Делать нечего, Лена повела его по Манежной площади в сторону Арбата. Как будто там всю ночь торговали этими шапками!
Как ни странно, на Арбате было многолюдно и даже светло благодаря уютным фонарям, освещавшим улицу. Народ был разношерстный: бомжи, примостившиеся переночевать в закутке, бабули с иконками, просившие милостыню, хипповавшая молодежь, балдевшая под звуки «Аквариума», торговцы сувенирами и так называемым «русским антиквариатом».
Леночка вдруг увидела Володю, разговаривавшего в стороне с каким-то кавказцем криминального вида. Сделав вид, что не заметила, девушка потащила голландца в противоположный конец улицы выбирать ушанку.

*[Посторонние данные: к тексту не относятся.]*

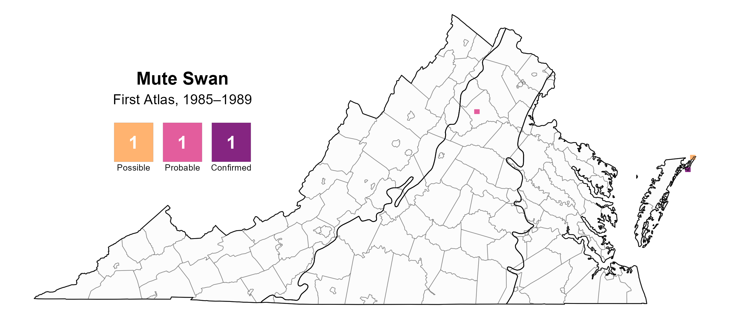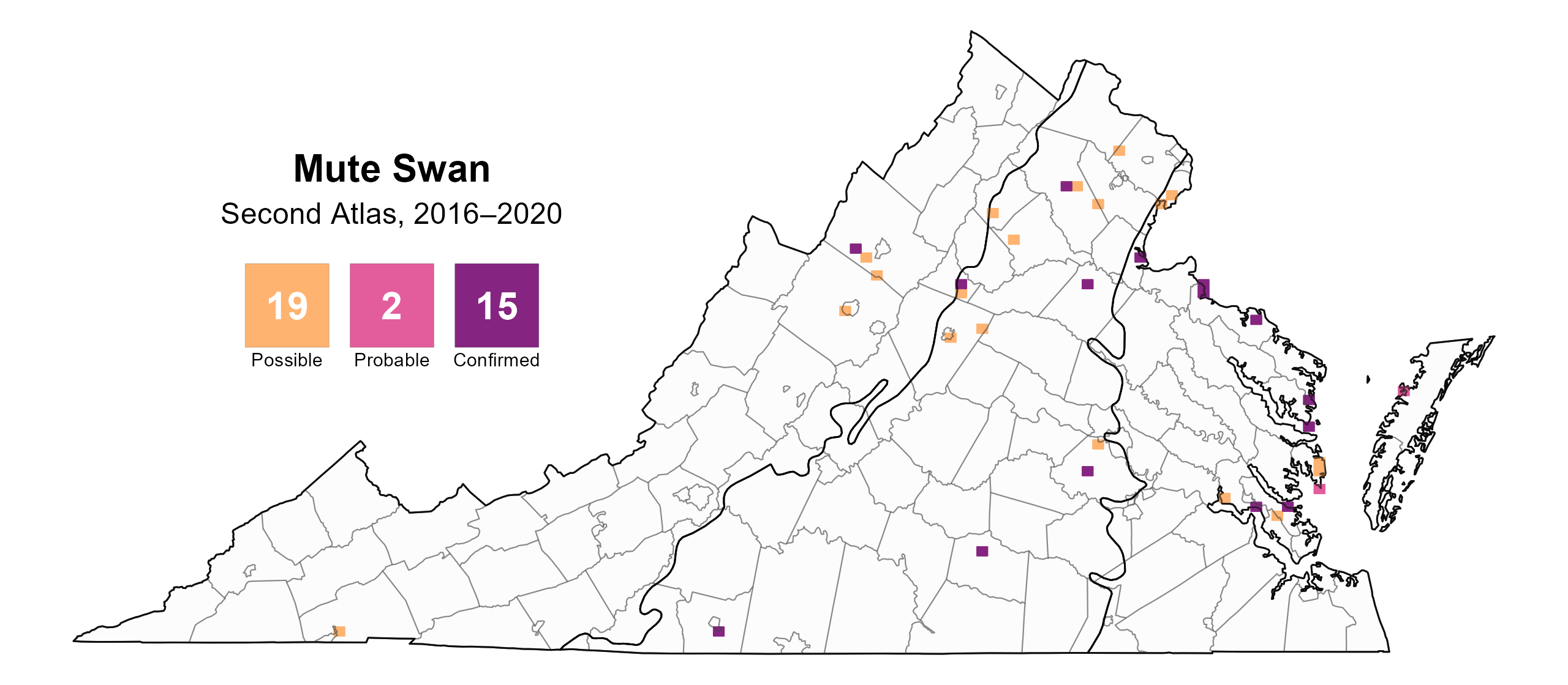 Mute Swans were confirmed breeders in 15 blocks and 13 counties and found to be probable breeders in two additional counties (Mathews and Accomack) (Figure 1). Breeding was confirmed in isolated locations, such as Lake Lanier, the city of Martinsville, and somewhat more consistently along the waterways of the Coastal Plain. During the First Atlas, there was only one documented breeding confirmation in Accomack County (Figure 2).

Помимо шапки и многочисленных матрешек (особенно Диреку понравился набор в виде известных лиц от Ленина до Ельцина) голландец настоял на покупке русской шали, которая, по его словам, необыкновенно шла Лене. Девушка отнекивалась: у нее был дома подобный бабушкин цветастый платок, и она его никогда не носила. Пожалуй, она бы даже выбросила эту ветошь, если б не мама. Но здесь, на Арбате, ей ничего не оставалось, как принять подарок, чтобы не обидеть иностранца.
Дирек радостно укутал ее в купленную шаль и восторженно кинулся фотографировать русскую красавицу. Лена усердно позировала, при этом искренне сомневаясь, что что-нибудь получится. Кто ж фотографирует ночью?

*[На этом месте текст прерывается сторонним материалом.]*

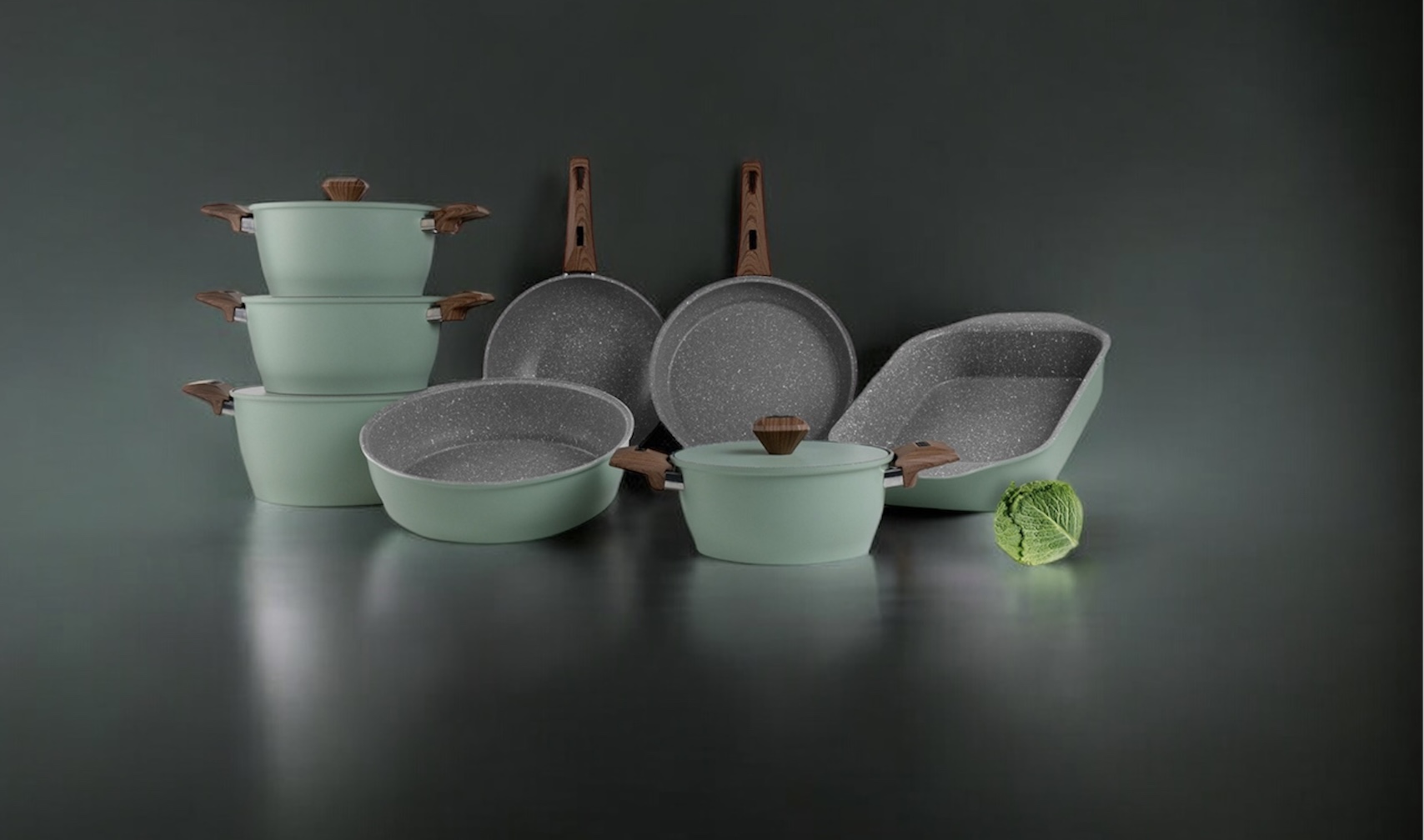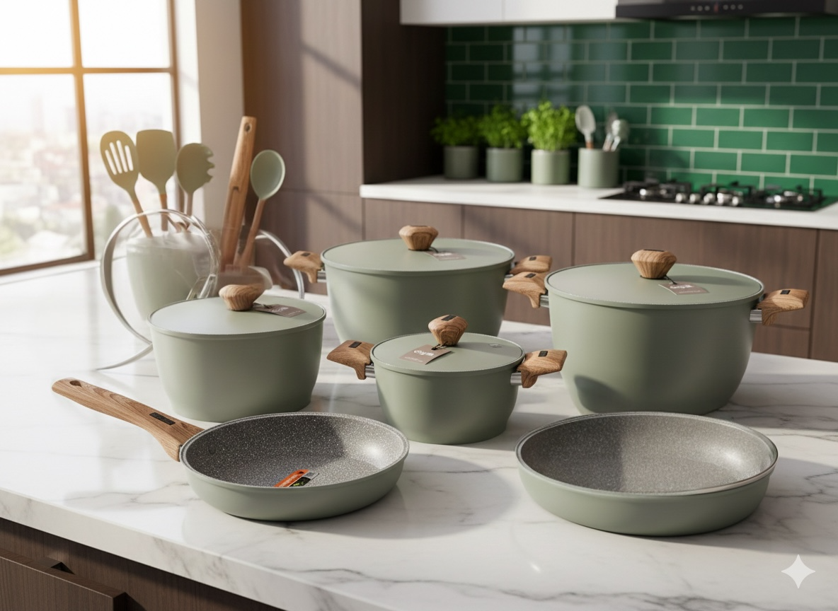 سرویس قابلمه ۱۰ پارچه سرامیکی Gigilli مدل Volcano رنگ Mint | نچسب و حرفه‌ای

А потом девушка повела уставшего, но довольного Дирека в гостиницу. Вот здесь-то и пригодилась вторая фраза, которую Лена знала по-английски:
– Гуд найт, – произнесла она на прощание.
Не дав договорить, фирмач осыпал ее якобы прощальными поцелуями, а затем увлек в свой номер. Наслаждаясь волной страсти, Леночка и не думала сопротивляться. А зря! Только теперь уже говорить об этом поздно. Знала б, где упасть – соломки бы подостлала…
Глава 3. Ханна
Ханна опоздала на репетицию хора. Впрочем, как обычно. Весь день она занималась своими делами, но если спросить, чем конкретно, то, пожалуй, ответить бы не смогла. Да, хорошо быть человеком свободной профессии, то есть работать на себя, но, с другой стороны, гораздо труднее организовать и спланировать время, потому что все оно – твое!

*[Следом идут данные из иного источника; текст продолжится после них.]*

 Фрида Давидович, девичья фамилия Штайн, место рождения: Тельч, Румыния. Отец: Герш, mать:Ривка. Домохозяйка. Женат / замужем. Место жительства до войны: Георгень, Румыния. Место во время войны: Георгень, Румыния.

Ханна выросла в семье врача. И ничего, что их дом напоминал иногда проходной двор, зато папа был всегда дома. Ханне даже разрешалось заходить к нему в кабинет во время приема больных, устраиваться около доктора и слушать, как он дает советы пациентам. Слюс, где проживала ее семья, был типичным голландским городом, небольшим и чрезвычайно чистым. Здесь все жители знали друг друга и здоровались при встрече, как в большой деревне. Вся жизнь горожан была на виду, в буквальном смысле слова. Узкие и аккуратные домики из красного кирпича стояли как солдаты в шеренге, похожие один на другой. За безупречно чистыми окнами мерно протекала жизнь обитателей. Здесь не было принято закрывать шторы, и вечером прохожие могли видеть семейства, сидевшие при свечах в полном составе за ужином или у экранов телевизоров. Конечно, никто не запрещает вам закрыть шторы, но тогда мнение о вас в городе сложится подозрительное, как будто вам есть что скрывать! Соседи станут с вами менее приветливыми, а городские сплетницы навесят на вас все просшествия в городе, потому что кроме вас никто другой этого бы не сделал…
Ханна росла любознательным ребенком, с безграничной фантазией и очень ранимой душой. Она принимала близко к сердцу бесконечные жалобы больных, которые слышала в папином кабинете, и потом очень расстраивалась, считая, что ее тетушка Мия или сосед Петер уже одной ногой в могиле. Поэтому, застав однажды дочку плакавшей после очередного визита, папа запретил ей заходить в кабинет, и его мечта передать свою практику дочери так и осталась неосуществленной.
Зато крайняя чувствительность девушки нашла свое применение в искусстве: Ханна замечательно рисовала. Местные пологие пейзажи, зеленые поля, каналы и мельницы представали перед глазами как реальные. В своих мечтах девочка уносилась в безграничные дали, которые находили отражение в рисунках. Особенно Ханне нравились города: она проектировала мегаполисы будущего с фантастической архитектурой и населяла их инопланетными существами. Девочка буквально жила в этом нереальном мире, временами теряя связь с действительностью.